**TASK**
Beginning with the first line below, please repeat the material exactly, ending with the line that includes "Dieses personalisierte Schnittbrett".

**INFORMATION SHOWN**
........

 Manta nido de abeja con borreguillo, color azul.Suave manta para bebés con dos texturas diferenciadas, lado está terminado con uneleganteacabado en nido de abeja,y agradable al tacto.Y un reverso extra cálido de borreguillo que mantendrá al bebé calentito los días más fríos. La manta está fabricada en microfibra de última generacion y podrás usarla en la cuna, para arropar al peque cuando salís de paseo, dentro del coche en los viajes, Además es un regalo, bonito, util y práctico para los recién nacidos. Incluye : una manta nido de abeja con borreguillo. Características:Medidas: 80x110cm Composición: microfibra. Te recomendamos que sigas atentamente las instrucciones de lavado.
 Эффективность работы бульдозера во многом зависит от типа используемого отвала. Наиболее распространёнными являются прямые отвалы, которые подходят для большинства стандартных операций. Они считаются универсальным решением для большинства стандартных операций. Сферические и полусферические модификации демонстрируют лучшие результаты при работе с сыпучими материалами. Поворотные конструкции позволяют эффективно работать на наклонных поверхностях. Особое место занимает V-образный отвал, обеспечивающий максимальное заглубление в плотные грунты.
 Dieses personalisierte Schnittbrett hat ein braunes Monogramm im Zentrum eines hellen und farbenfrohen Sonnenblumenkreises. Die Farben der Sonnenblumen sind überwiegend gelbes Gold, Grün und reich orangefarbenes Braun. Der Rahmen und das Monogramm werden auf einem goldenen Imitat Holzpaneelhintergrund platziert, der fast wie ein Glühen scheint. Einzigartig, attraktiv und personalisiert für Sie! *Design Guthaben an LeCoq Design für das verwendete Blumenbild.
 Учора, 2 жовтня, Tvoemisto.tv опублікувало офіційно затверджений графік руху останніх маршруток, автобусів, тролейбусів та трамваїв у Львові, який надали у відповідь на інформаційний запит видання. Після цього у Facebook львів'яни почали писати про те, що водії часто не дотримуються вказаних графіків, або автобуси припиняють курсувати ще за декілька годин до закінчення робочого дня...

........

**RESPONSE AREA**
 Manta nido de abeja con borreguillo, color azul.Suave manta para bebés con dos texturas diferenciadas, lado está terminado con uneleganteacabado en nido de abeja,y agradable al tacto.Y un reverso extra cálido de borreguillo que mantendrá al bebé calentito los días más fríos. La manta está fabricada en microfibra de última generacion y podrás usarla en la cuna, para arropar al peque cuando salís de paseo, dentro del coche en los viajes, Además es un regalo, bonito, util y práctico para los recién nacidos. Incluye : una manta nido de abeja con borreguillo. Características:Medidas: 80x110cm Composición: microfibra. Te recomendamos que sigas atentamente las instrucciones de lavado.
 Эффективность работы бульдозера во многом зависит от типа используемого отвала. Наиболее распространёнными являются прямые отвалы, которые подходят для большинства стандартных операций. Они считаются универсальным решением для большинства стандартных операций. Сферические и полусферические модификации демонстрируют лучшие результаты при работе с сыпучими материалами. Поворотные конструкции позволяют эффективно работать на наклонных поверхностях. Особое место занимает V-образный отвал, обеспечивающий максимальное заглубление в плотные грунты.
 Dieses personalisierte Schnittbrett hat ein braunes Monogramm im Zentrum eines hellen und farbenfrohen Sonnenblumenkreises. Die Farben der Sonnenblumen sind überwiegend gelbes Gold, Grün und reich orangefarbenes Braun. Der Rahmen und das Monogramm werden auf einem goldenen Imitat Holzpaneelhintergrund platziert, der fast wie ein Glühen scheint. Einzigartig, attraktiv und personalisiert für Sie! *Design Guthaben an LeCoq Design für das verwendete Blumenbild.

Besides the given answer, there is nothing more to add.